InfraRed Capital Partners and Northleaf Capital Partners have purchased Vodafone New Zealand’s passive mobile tower assets for NZ$1.7 billion ($1.06 billion; €1.04 billion).
Each firm will acquire a 40 percent stake, with existing shareholder Infratil reinvesting to hold 20 percent of what will be the country’s largest independent tower company, consisting of 1,484 wholly owned towers. Brookfield Asset Management is set to sell its full stake in the new tower company, which is held in Brookfield Infrastructure Fund IV. Infratil is listed on the New Zealand stock exchange and is managed by Morrison & Co.
Infratil and Brookfield each acquired a 49.5 percent stake in Vodafone NZ in 2019, with both investing NZ$1.029 billion in equity for their respective stakes. As part of the latest deal, the new TowerCo will enter into a 20-year service agreement with Vodafone NZ, providing the latter with access to both existing and new towers. The TowerCo has also committed to building at least 390 new sites over the next decade.
InfraRed’s head of Australia and New Zealand, Sven Stubiçan, told Infrastructure Investor the firm’s investment in the tower assets via its London Stock Exchange-listed fund HICL ties in neatly with the vehicle’s expanded mandate beyond its track record of investing in brownfield PPPs.
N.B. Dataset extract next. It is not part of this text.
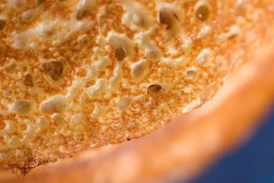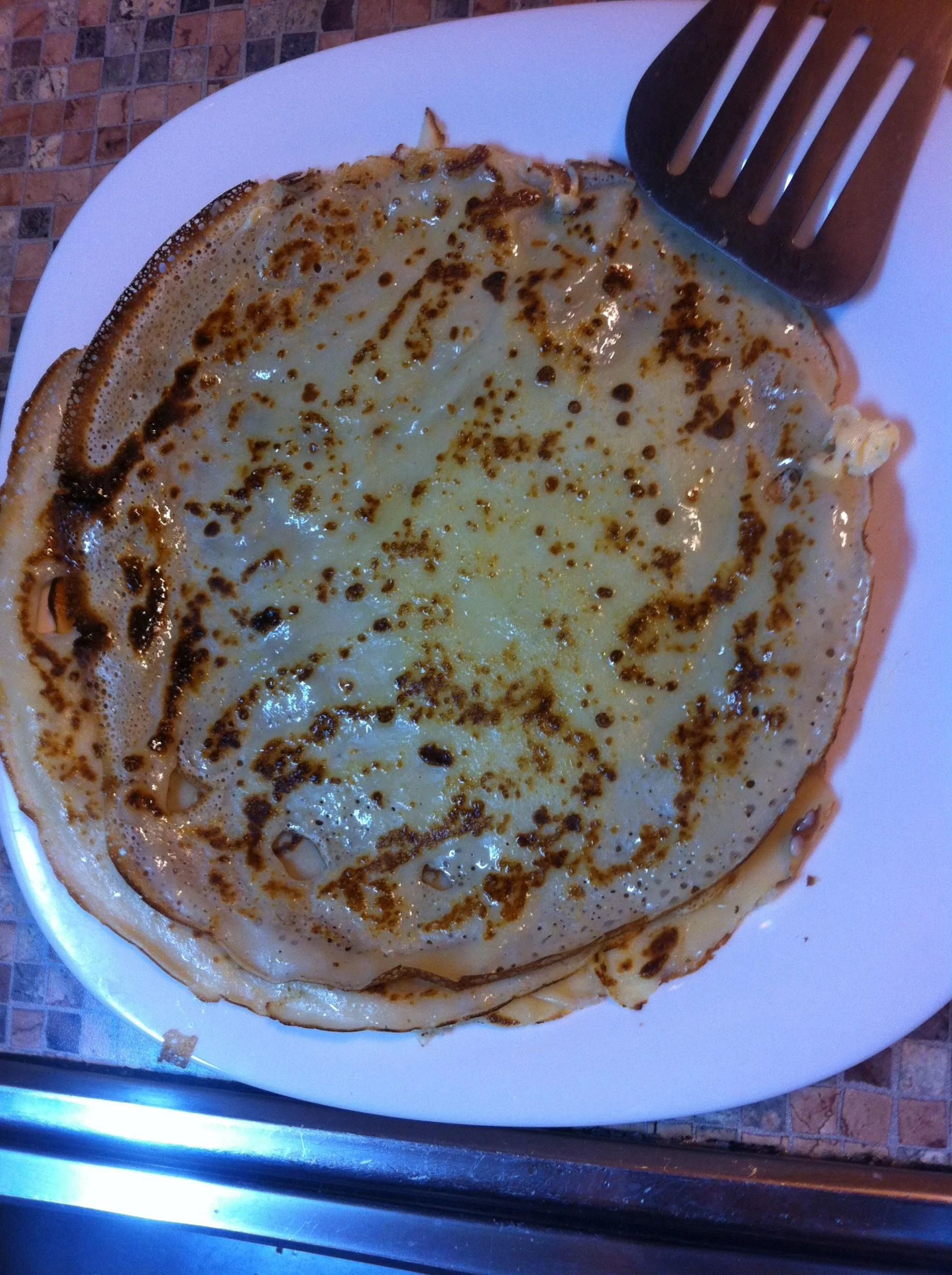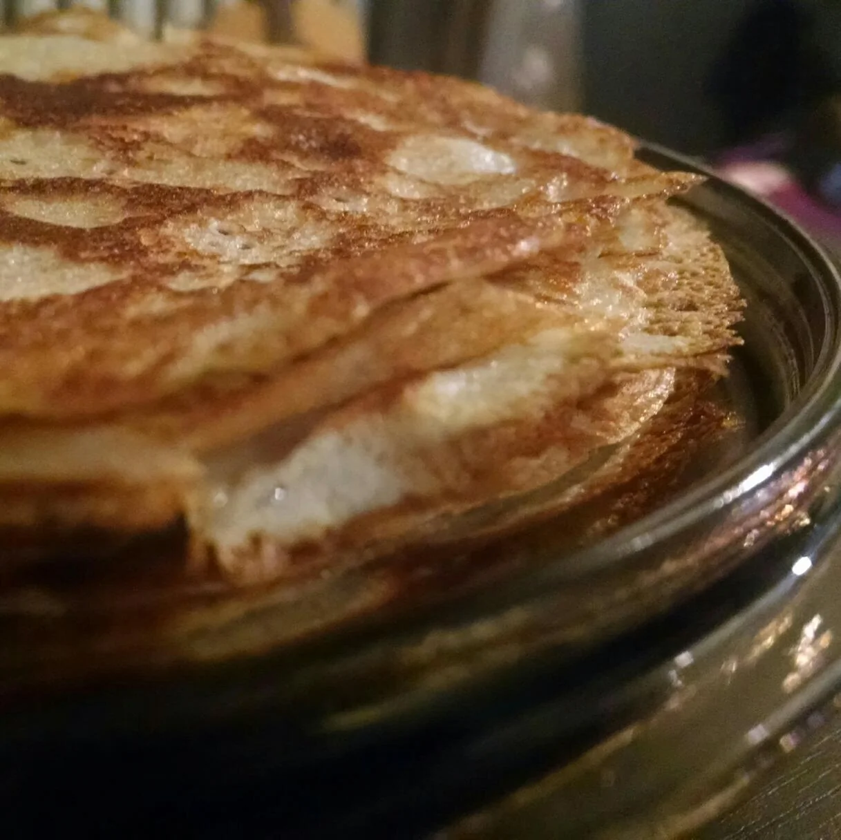 ШАГ 3 Печь на хорошо разогретой сковороде тонким слоем до золотистого цвета, смазать каждый маслом, подавать.

“This [deal] is one we’ve been tracking for some time. As the pipeline [of brownfield PPPs] has slowly dried up globally, we’ve expanded the mandate of [HICL] into more regulated assets and, now, into corporate offtake-type opportunities. Tower opportunities are a perfect example of corporate offtake-type opportunities that sit within that core infrastructure definition,” Stubiçan said.
The deal is the latest in a string of tower portfolio deals across Australia and New Zealand, including the recent sale of TPG Telecom’s towers portfolio to OMERS and last year’s sale of Telstra’s mobile tower network to a consortium led by Future Fund. With tower opportunities in the region looking to have reached “the end of [the] road”, Stubiçan said opportunities in the fibre space could be targeted next.
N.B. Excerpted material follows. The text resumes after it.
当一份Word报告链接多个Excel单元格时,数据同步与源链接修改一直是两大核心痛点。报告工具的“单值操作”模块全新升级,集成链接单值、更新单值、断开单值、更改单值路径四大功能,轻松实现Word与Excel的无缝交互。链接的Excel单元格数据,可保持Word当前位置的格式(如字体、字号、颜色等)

“In terms of outlook, the next logical [step] may be the fibre space. We’re yet to see a volume of fibre transactions come to market [in Australia and New Zealand] and it’s something that’s very much played out overseas,” he explained.
“[We] still have a situation where some of the large corporates [in the region] own the fibre assets, just like they did the towers, and you’d imagine that would be a logical opportunity for a similar type of dynamic to play out [as it did] in the towers space.”
The Vodafone NZ mobile tower assets transaction is expected to complete in the fourth quarter of 2022, subject to New Zealand Overseas Investment Office approval.